Stevia - Natural Sweetner

Summer is right around the corner (though with the temps today you'd think it was already June). With summer in the south come a few staples. BBQ, cook-outs, tomato sandwiches (with Duke's, don't argue), cole slaw and SWEET TEA.

When you grow up in the south sweet tea, and usually REALLY sweet tea, is a given on the table. And in the fridge. It's what you see in restaurants, homes, front porches. But recent years have shown us that guzzling huge amounts of sugar isn't good for us. In our food and our drinks, and our precious sweet tea.

So what do most do? Either drink unsweetened tea, which I actually like, or add artificial sweetener. Which I really dislike. Might be my imagination, but I taste the chemicals so I'd rather drink tea with nothing than tea with that. Plus artificial sweeteners aren't good for you. Bad for you actually - to the point that some argue whether sugar, being natural, is better.

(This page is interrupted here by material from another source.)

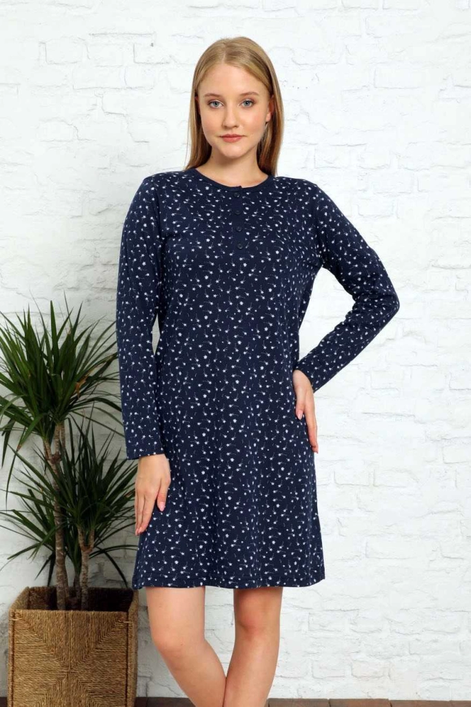 - Жіноча нічна сорочка виготовлена зі 100% м'якої бавовни. Модель має трохи розширений крій. Вона має круглий виріз, довгі рукави та декоративний принт. УВАГА: Точність вимірювання (+/-) 1 см.

Stevia is packaged and sold as a sugar substitute. I'd heard of it and on a family camping trip tried some in coffee. My cousin had it and was telling me how she'd cut out sugar. I put it in, same amount as the sugar I normally use. NASTY. And cloyingly sweet. Really nasty.

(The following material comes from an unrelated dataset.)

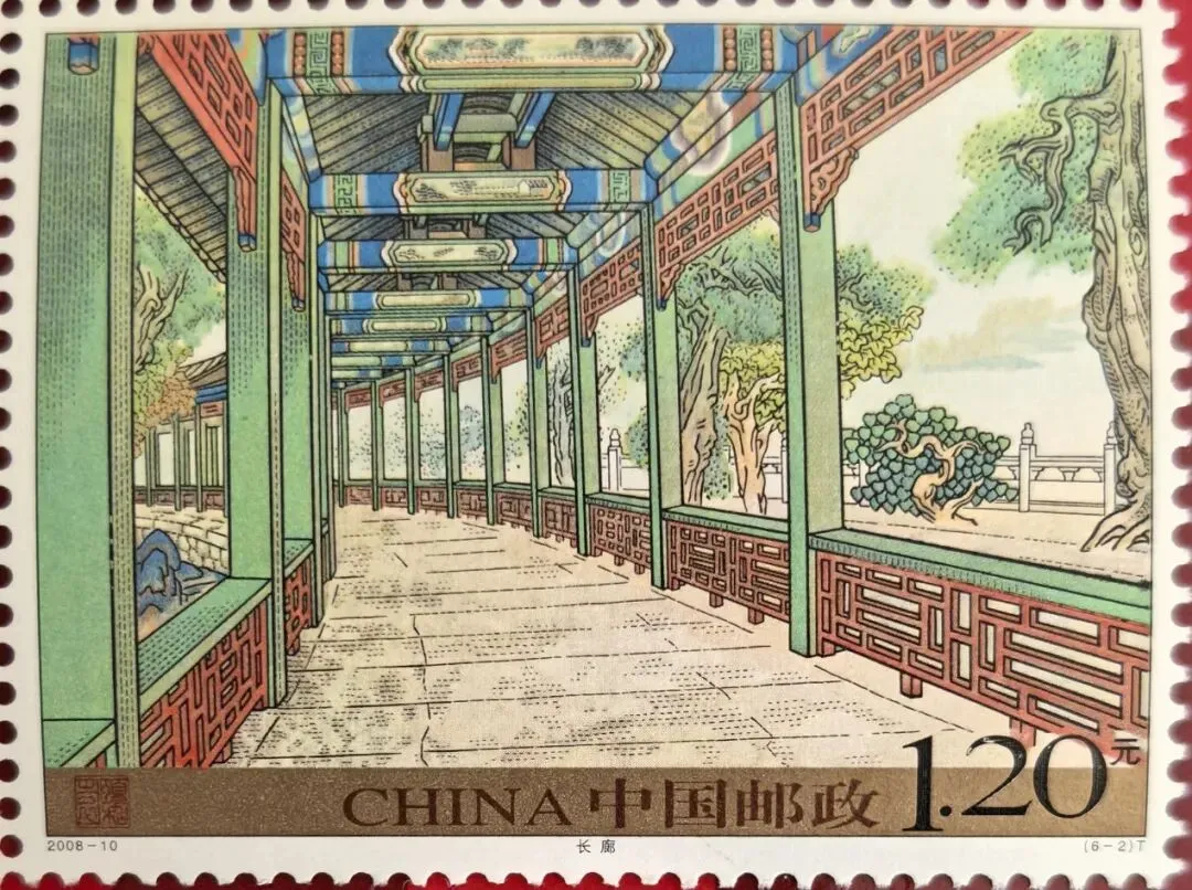 这枚邮票上的图案是颐和园的长廊,一条廊间每根枋梁上都绘有精美彩画的画廊。

So never really thought about it again. Then, two years ago, when we were setting up our first garden in NoDa Joey saw one at the Home Depot garden center. Since we love to experiment and also love plants that add color, texture, or some other element to the garden we bought one. It grew like crazy. And easily. It looks a lot like a sage plant in leaf structure and color. It grew all summer long before I tried to do anything with it. We had it as a novelty, tasting the sweet leaves and getting others to try them, before really trying it out as a sweetener.

That summer I began to get in better shape. Losing 30 some pounds, cutting out a ton of meats, and cutting out sugar. Since I'd cut sugar out everywhere else I did crave "sweet" from time-to-time. Something new for me. One day I looked up how to use stevia and was surprised at how simple it could be. Forget buying it processed, if you aren't adding sugar to a recipe for the chemical reaction element of cooking - baking for some recipes for instance - it does really well to sweeten...especially tea! The first time I'd tried it, years before, in coffee I had no idea that it can be 20 to 30 times more sweet than sugar. A little goes a long way.

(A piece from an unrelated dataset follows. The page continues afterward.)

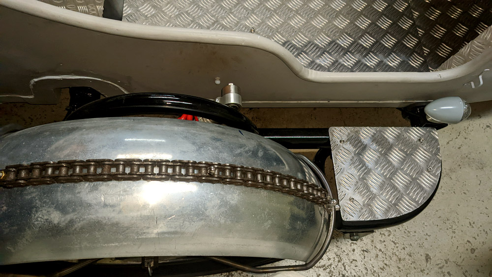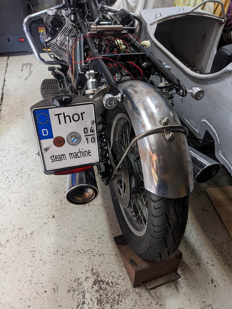Die Ersatz Kardankette griffbereit am Beiwagenfender montiert,für den reibungslosen Austausch, immer gut gerüstet, ein Halali auf die Ersatzteile, Beiwagenfender im Steampunk-Look, passend zur „Thor steam-machin“.

Above: so now our stevia grows in the front year, part of our 'edible landscaping'

So now I make sweet tea during the hot summer months. Same recipe for bags to water (so do what you like and are used to) but no sugar. I add stevia leaves, directly from the plant, to the water once it's off the stove top and the tea bags have been added. They all steep together. We sometimes add mint, always add lemon, and we get the same refreshing heat-beating tea that we've grown up with. There is a slight, to me very very slight, difference in taste. Not the sweet part but a hint of an aftertaste that I don't detect any longer and most folks don't either. A bonus on the other hand, none of that syrupy sweet feeling in your mouth from drinking it that some sugary drinks give - goodbye sugar film, I don't miss that at all.

Oh, as for the coffee. I still can't stand stevia in that - blugh - so the morning beans still get sugar...just a teaspoon, and sugar-in-the-raw!